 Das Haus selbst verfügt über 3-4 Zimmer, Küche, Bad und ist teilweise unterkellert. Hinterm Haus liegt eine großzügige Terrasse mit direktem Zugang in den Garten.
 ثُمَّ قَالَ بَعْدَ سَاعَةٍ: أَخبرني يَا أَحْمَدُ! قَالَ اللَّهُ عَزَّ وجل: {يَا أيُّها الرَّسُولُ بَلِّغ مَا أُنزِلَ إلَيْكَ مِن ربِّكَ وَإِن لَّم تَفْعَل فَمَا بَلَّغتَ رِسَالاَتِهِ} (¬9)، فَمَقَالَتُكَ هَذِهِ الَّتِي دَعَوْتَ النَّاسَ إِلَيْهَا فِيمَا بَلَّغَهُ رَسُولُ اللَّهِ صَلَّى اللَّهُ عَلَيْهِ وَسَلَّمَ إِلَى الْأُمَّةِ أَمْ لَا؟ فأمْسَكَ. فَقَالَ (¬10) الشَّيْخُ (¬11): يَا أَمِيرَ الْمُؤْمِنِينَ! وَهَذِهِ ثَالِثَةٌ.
---
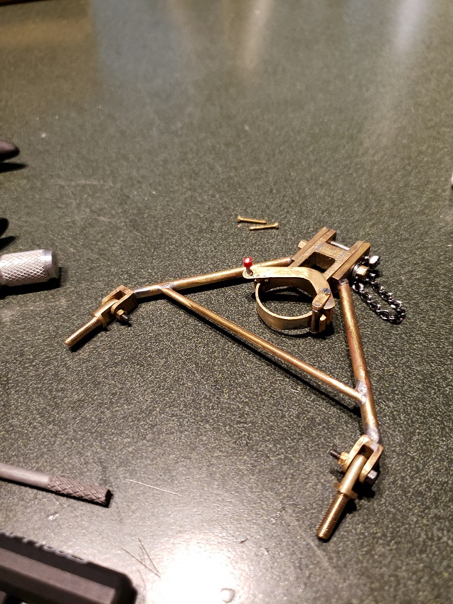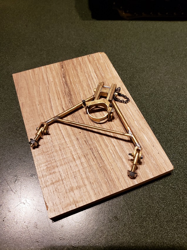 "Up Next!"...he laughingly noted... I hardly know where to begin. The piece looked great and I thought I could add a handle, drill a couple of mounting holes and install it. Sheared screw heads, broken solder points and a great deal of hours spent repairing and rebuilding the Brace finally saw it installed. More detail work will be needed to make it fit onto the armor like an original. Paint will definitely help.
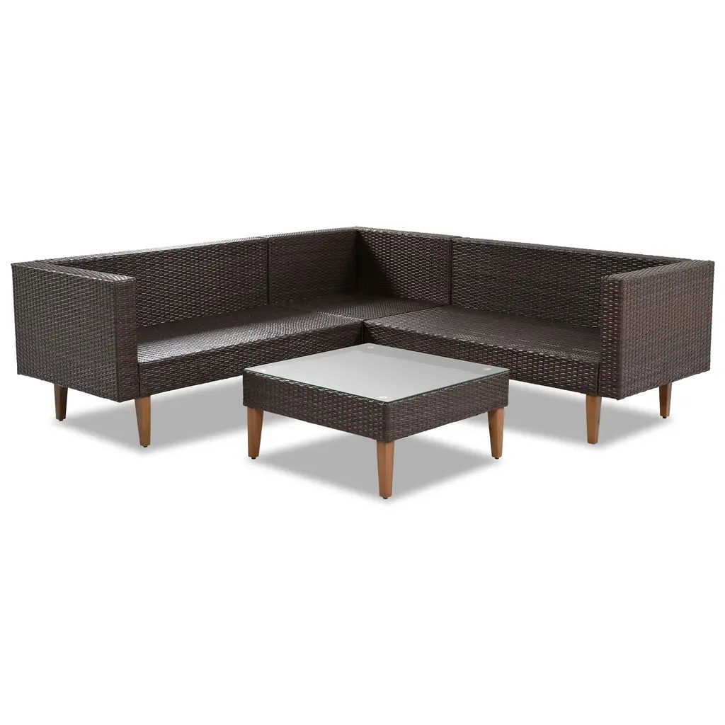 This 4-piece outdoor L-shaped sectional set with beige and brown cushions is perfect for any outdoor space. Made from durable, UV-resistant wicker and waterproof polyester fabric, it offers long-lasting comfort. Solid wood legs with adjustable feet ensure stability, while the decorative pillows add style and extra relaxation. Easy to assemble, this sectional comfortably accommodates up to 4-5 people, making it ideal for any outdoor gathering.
---
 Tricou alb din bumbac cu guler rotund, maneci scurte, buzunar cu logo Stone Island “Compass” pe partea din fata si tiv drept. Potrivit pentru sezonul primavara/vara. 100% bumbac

* [What to do]: Repeat, word for word, the lines above between the line holding "Das Haus selbst" and the line holding "ثُمَّ قَالَ بَعْدَ", inclusive; omit everything else.

* [Response area]:
 Das Haus selbst verfügt über 3-4 Zimmer, Küche, Bad und ist teilweise unterkellert. Hinterm Haus liegt eine großzügige Terrasse mit direktem Zugang in den Garten.
 ثُمَّ قَالَ بَعْدَ سَاعَةٍ: أَخبرني يَا أَحْمَدُ! قَالَ اللَّهُ عَزَّ وجل: {يَا أيُّها الرَّسُولُ بَلِّغ مَا أُنزِلَ إلَيْكَ مِن ربِّكَ وَإِن لَّم تَفْعَل فَمَا بَلَّغتَ رِسَالاَتِهِ} (¬9)، فَمَقَالَتُكَ هَذِهِ الَّتِي دَعَوْتَ النَّاسَ إِلَيْهَا فِيمَا بَلَّغَهُ رَسُولُ اللَّهِ صَلَّى اللَّهُ عَلَيْهِ وَسَلَّمَ إِلَى الْأُمَّةِ أَمْ لَا؟ فأمْسَكَ. فَقَالَ (¬10) الشَّيْخُ (¬11): يَا أَمِيرَ الْمُؤْمِنِينَ! وَهَذِهِ ثَالِثَةٌ.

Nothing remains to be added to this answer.